The upcoming CBC miniseries Everest chronicles the 1982 Canadian expedition to the top of the world's highest mountain. Surprisingly, the most arduous part of the film shoot was not scaling mountains, but sitting in tents.
"The stuff up on the mountain was easy compared to that," laughed Eric Johnson (Flash Gordon, Smallville), who plays Laurie Skreslet, the first Canadian to summit. "Being in your full Everest gear, your summit costume, while being in a tent inside a studio in Calgary in June ... . Don't sweat, because if you sweat on Everest, you're dead. I'm trying to get my pores to not work for me. I'm trying to get my pores to act for me. Those were the most challenging scenes."

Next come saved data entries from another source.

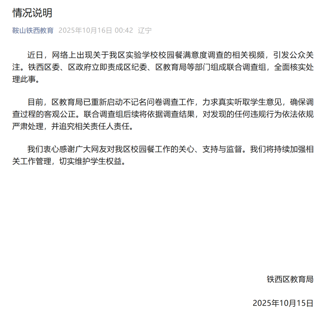 10月15日,铁西区教育局工作人员回应称,是学校个人行为,之前做的问卷全部作废,马上更改问卷重新调查,将对相关人员进行追责。10月16日凌晨,铁西区教育局发布情况通报:铁西区委、区政府立即责成区纪委、区教育局等部门组成联合调查组,全面核实处理此事。
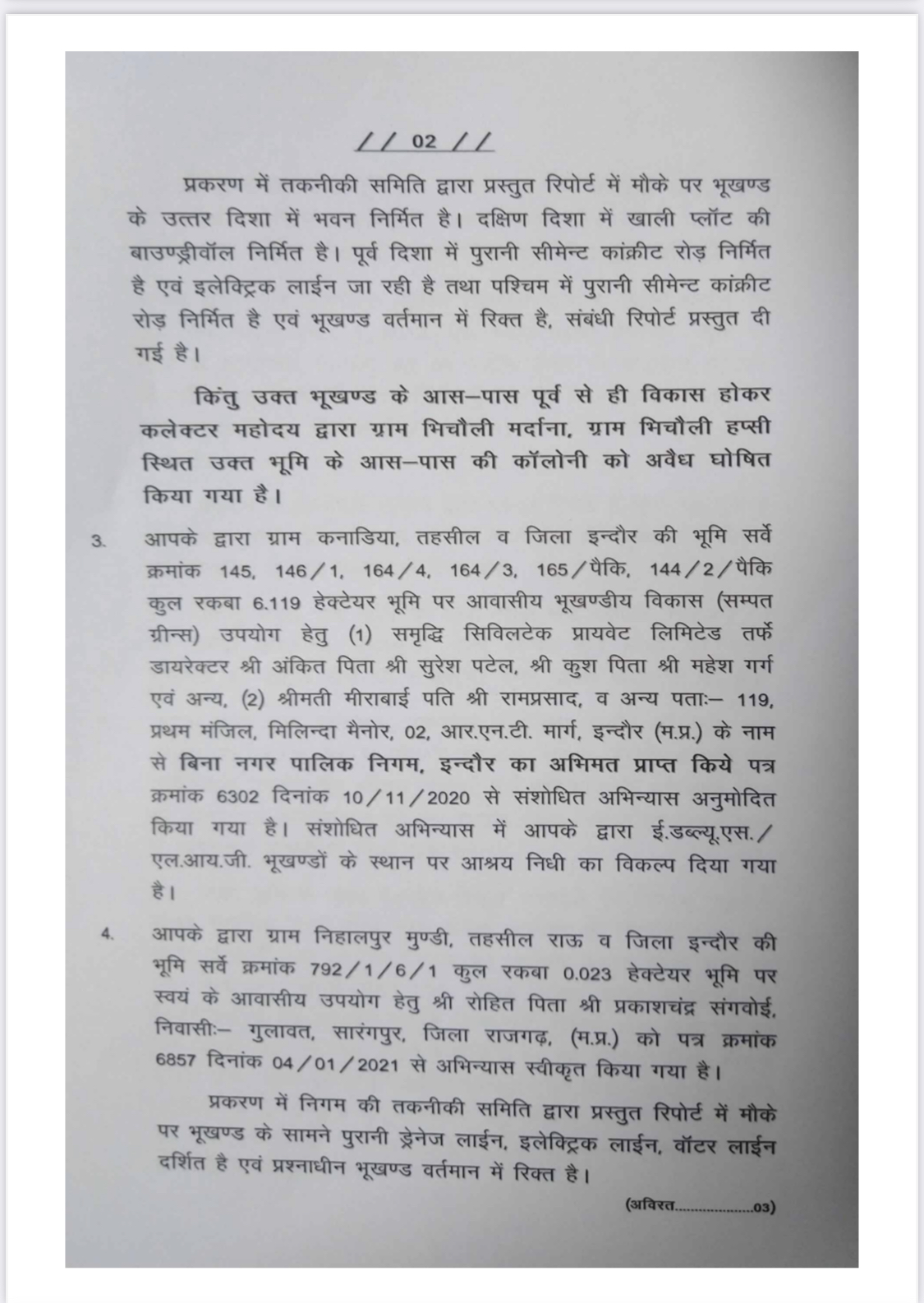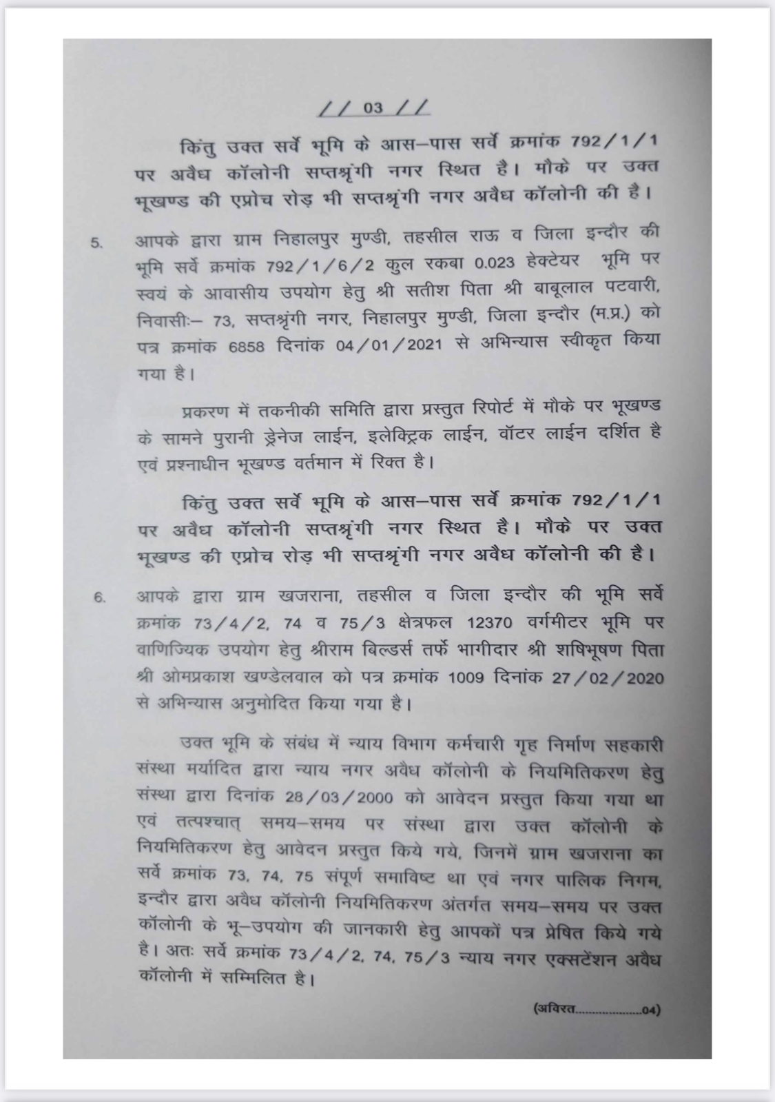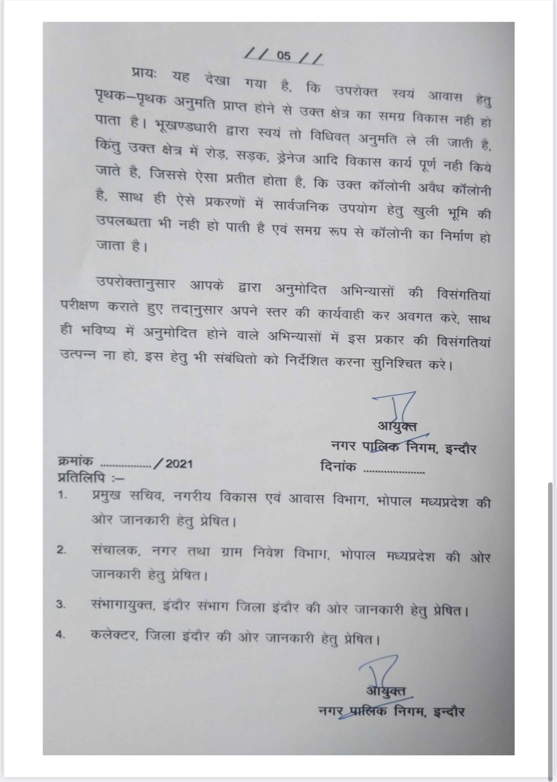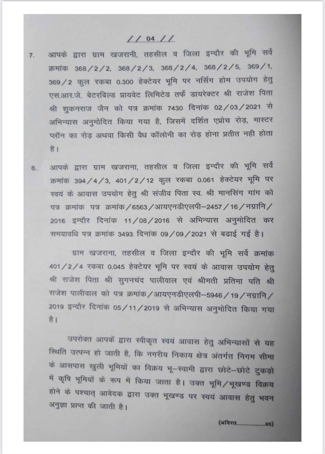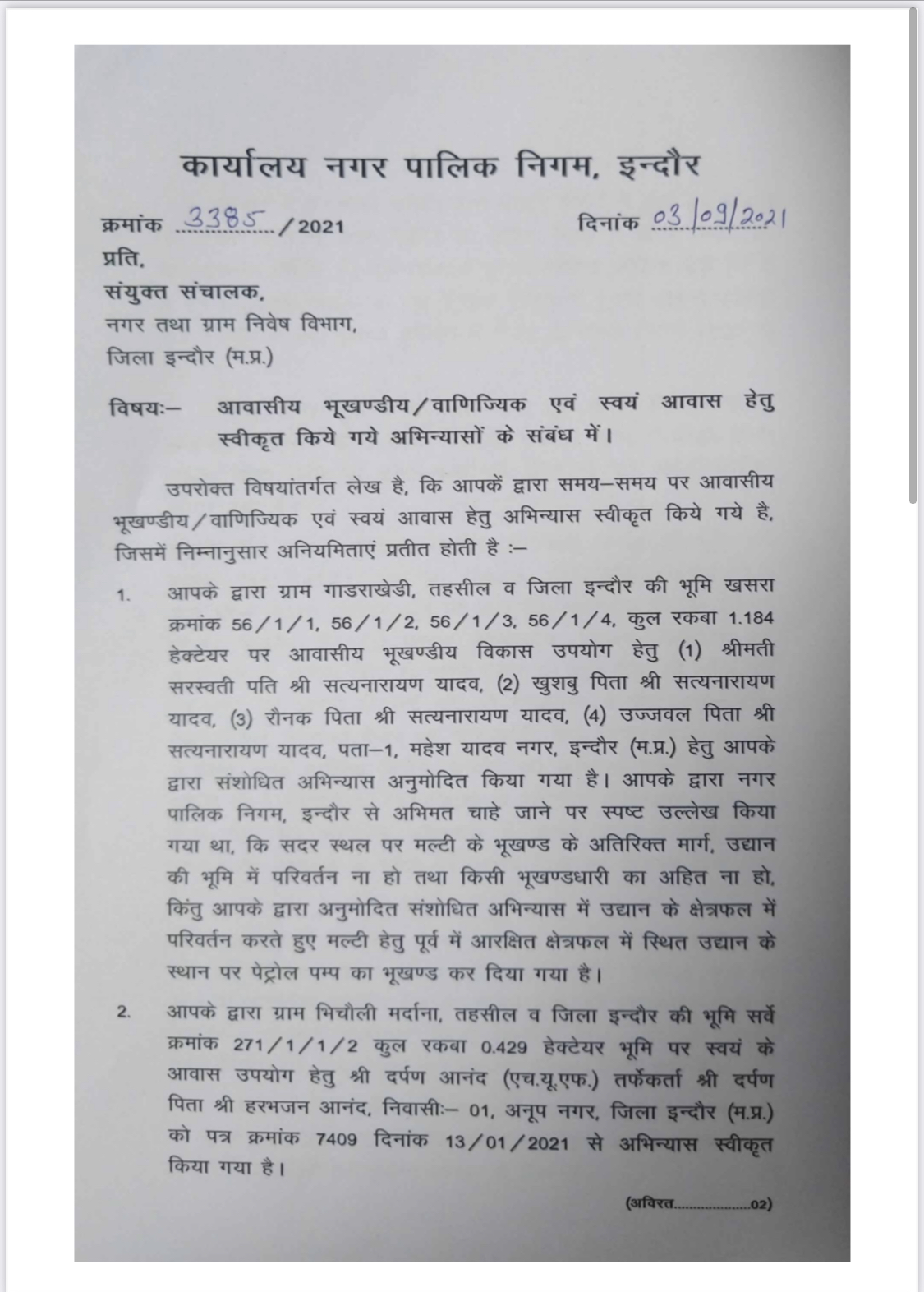 अब निगमायुक्त ने एक और कदम उठाते हुए नगर तथा ग्राम निवेश द्वारा मंजूर कई अभिन्यासों में अनियमितताएं (Irregularities) पकड़ी है। ऐसे 8 मंजूर अभिन्यासों के उदाहरण देते हुए आयुक्त ने नगर तथा ग्राम निवेश को पत्र लिखा है कि इन अभिन्यासों की जांच करें .ये अभिन्यास गाडरा खेड़ी , भिचोली मर्दाना, कनाडिया , भिचोली हप्सी , निहालपुर मुंडी और खजराना क्षेत्र में स्वयं के आवासों से लेकर बहुमंजिला इमारतों ,नर्सिंग होम(Nursing home) ,पेट्रोल पंप (Petrol Pump) और अन्य उपयोग के लिए मंजूर किए गए हैं। इसमें गाडराखेड़ी के मंजूर अभिन्यास में मल्टी के आरक्षित क्षेत्रफल में संशोधन के बाद उद्यान के स्थान पर पेट्रोल पंप का भूखंड मंजूर किया गया . इसी तरह भिचोली मर्दाना में दर्पण आनंद को स्वयं के आवास की अनुमति दी गई है। जबकि कलेक्टर इसके आसपास की कॉलोनियों , जिनमें प्रगति विहार भी शामिल है , को पूर्व में अवैध घोषित कर चुके हैं , ऐसी कालोनियां (Colonies) भिचोली मर्दाना के साथ बिचोली हप्सी में भी है। इसके साथ ही कनाडिया में भी मंजूर अभिन्यास के अलावा निहालपुर मुंडी में अवैध सप्तश्रृंगी नगर के आसपास भी अभिन्यास मंजूर किए गए तो न्याय विभाग कर्मचारी गृह निर्माण की जमीन श्रीराम बिल्डर (Shriram Builder) के पास गई और उसमें भी अभिन्यास मंजूर हुए हैं . हालांकि भवन अनुज्ञा की अनुमति नगर निगम ने ही दी थी जिसे पिछले दिनों निगमायुक्त ने रिवोक किया है। इसी तरह खजराना में एक नर्सिंग होम को भी अनुमति दी गई जो एसआरजे बिल्डवेल के राजेश जैन का है और उसकी एप्रोच रोड को लेकर स्थिति स्पष्ट नहीं है कि यह रोड मास्टर प्लान की है अथवा वैध कालोनी की। इस तरह की तमाम विसंगतियों के उदाहरण देकर निगमायुक्त ने संयुक्त संचालक नगर तथा ग्राम निवेश से कहा है कि वह इन अभिन्यासों की जांच करवाएं और आगे से मंजूर किए जाने वाले अभिन्यासों में इस तरह की विसंगतियां रोके हालांकि इस बारे में पूछने पर संयुक्त संचालक एस के मुदगल ने कहा कि अभी उन्होंने निगम आयुक्त का पत्र देखा नहीं है और संबंधित प्रकरणों की फाइलें देख कर ही वस्तुस्थिति बता सकेंगे। वैसे श्री मुदगल के मुताबिक नियमों के तहत ही अभिन्यास मंजूर किए जाते हैं और पूर्व में भी कई अभिन्यासों को निरस्त भी किया गया जिनमें तथ्यों को छुपाकर मंजूरी ली गई।
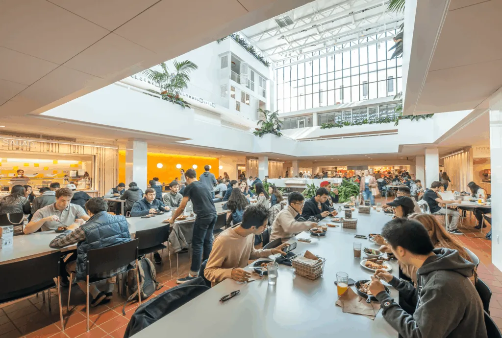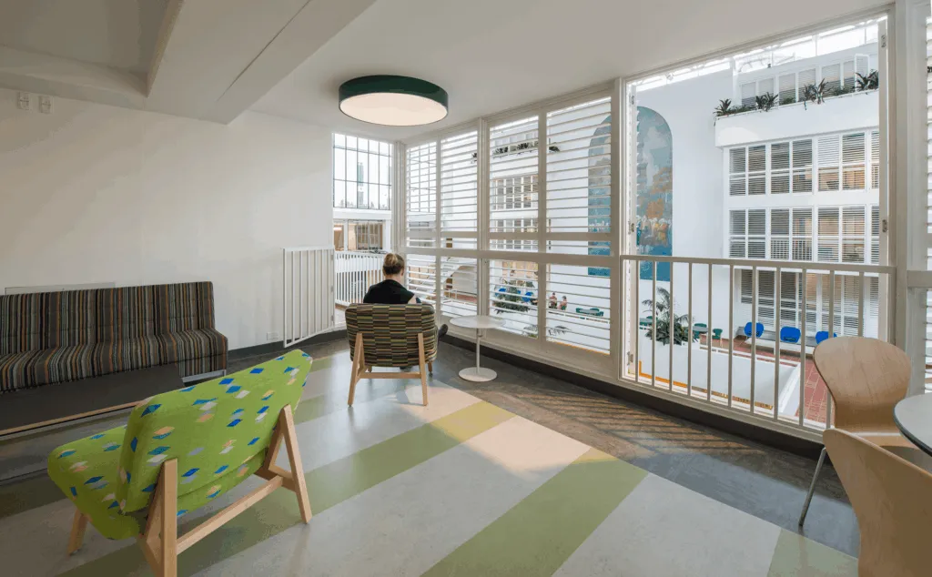 Designed by architect Eero Saarinen in 1958 for the University of Pennsylvania, Hill College House is an internationally recognized architectural landmark. Originally a women’s dormitory, the building’s entry is a bridge, and the surrounding spiked metal fence encloses a grassy moat around the building. The living spaces, including five floors of dorm rooms for 500 (now co-ed) students, lounges, and seminar rooms, are built around a central atrium that overlooks a dining area on the lower level.

Director Graeme Campbell (Instant Star, The Eleventh Hour) said the weather cooperated beautifully for the physically demanding but breathtakingly beautiful mountain scenes near Banff. "It might look like it was hard when you watch the movie, but that was magic."
During an interview with TV, eh? on Blogtalkradio, the two men revealed that their small taste of that magic helped them understand why someone would embark on such a dangerous quest, one that saw four climbers perish before Skreslet and fellow Canuck Pat Morrow made it to the top.
"There's this amazing feeling when you're standing on top of a mountain, whether it's 5,000 feet or 10,000 feet or on Everest, where you feel like you're on top of the world and it's the most exhilarating feeling in the world," marvelled Johnson. "I'd never really understood. In preparation to do the movie, I thought you've got to be a little bit nuts to do this. You've got to be a little bit crazy. And then you get into it and you get the gear on and you start climbing, and you're climbing with a group of guys and it really becomes intoxicating and you just want to keep going up."